Relaciones de poder en los medios de comunicación
A partir de estos estudios, de estos libros y del modelo de Almond y Verba se han diseñado en México encuestas de cultura política realizadas por el INEGI y la SEGOB, para clarificar las relaciones de poder en los medios de comunicación que deben tener los actores políticos, por ello las variables se centran en la percepción sobre instituciones, confianza y eficacia política, democracia y autoritarismo. Otras investigaciones, como el Barómetro Latinoamericano, se basan en estos temas, la elaboración de indicadores sobre el Estado y la democracia. Una de las investigaciones más sobresalientes que se debe consultar es la del programa de Naciones Unidas para el desarrollo en América Latina, que presentó en 2006 el informe del periodo 2001-2005 denominado “La democracia en América Latina. Hacia una democracia de ciudadanos y ciudadanas”. Por lo tanto, podemos decir que existen democracias electorales en el que la sociedad desorganizada y organizada sacrifica la democracia por un mejor nivel socioeconómico y que el desarrollo de la democracia es a partir de la lucha contra la pobreza y la desigualdad y que solo entiende el ciudadano que la democracia es el sistema de gobierno no como un sistema de vida, en el que los partidos políticos se encuentran en severa crisis social. Entonces, desde los medios de comunicación se trata de fortalecer a la ciudadanía para promover nuevos proyectos colectivos viables, pero la representación de grupos poblacionales es baja y la asistencia a las urnas irregular, existe apatía en tratar los asuntos públicos.
Ésta es la relación de poder en los medios de comunicación entre ciudadanos, los actores políticos y el sistema político en términos de eficacia política; sólo evalúan las coyunturas electorales, funcionamiento de la democracia, y el deber ser de ésta para poder actuar.

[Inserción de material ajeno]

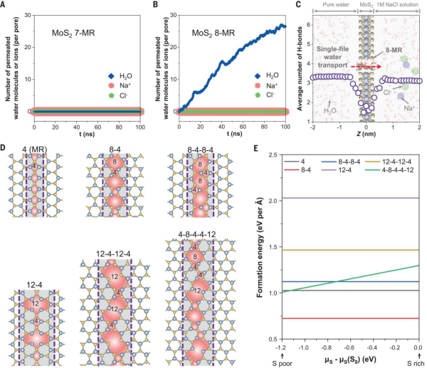 石國升研究員團隊基于前期水合離子界面相互作用的新理解,原創(chuàng)性提出離子可以精準調控二維通道尺寸,“裝訂”石墨烯膜用于離子篩分和海水淡化,此外還首次揭示自然條件下反常化學計量比晶體Na2Cl/Na3Cl/K2Cl/Li2Cl/CaCl等反晶[Sci. Rep. 3,3436(2013);?Angew. Chem. Int. Ed. 10,10190 (2014);Phys. Rev. Lett. 134,12104 (2015);Phys. Rev. Lett. 117,238102 (2016);Nature 550,380 (2017);Nat. Chem. 10,694 (2018);Natl. Sci. Rev. 8,nwaa274 (2021);J. Colloid Interface Sci. 648,102 (2023);Nano Lett. 23,10884 (2023);Nat. Water 1,800 (2023);Small 60,21,2408566 (2025);J. Hazard. Mater. 487,137078 (2025);J. Am.Chem. Soc. 147,3478 (2025);Nano Lett. 25,2334 (2025)]。基于這些前期工作對界面水合離子相互作用的理解以及對受限空間離子篩分和輸運行為的認識,進一步發(fā)現(xiàn)通過調控MoS2晶界納米孔缺陷尺寸,可以實現(xiàn)有效水/離子分離和離子精準篩分,達到海水淡化及離子精準提取的效果。

* Ponencia presentada en el Foro “LA CULTURA POLÍTICA EN LOS MEDIOS DE COMUNICACIÓN”. Centro de Estudios en Ciencias de la Comunicación. Facultad de Ciencias Políticas y Sociales, Universidad Nacional Autónoma de México. Sala Fernando Benítez. Jueves 29 de agosto de 2013.
1Almond Gabriel, y Sidney Verbe, The civic cultura revisited, Boston, Little Brown. 1984. Y The civic culture: political. Attitudes and democracy in five nations, Nueva Jersey, Princeton University Press, 1963.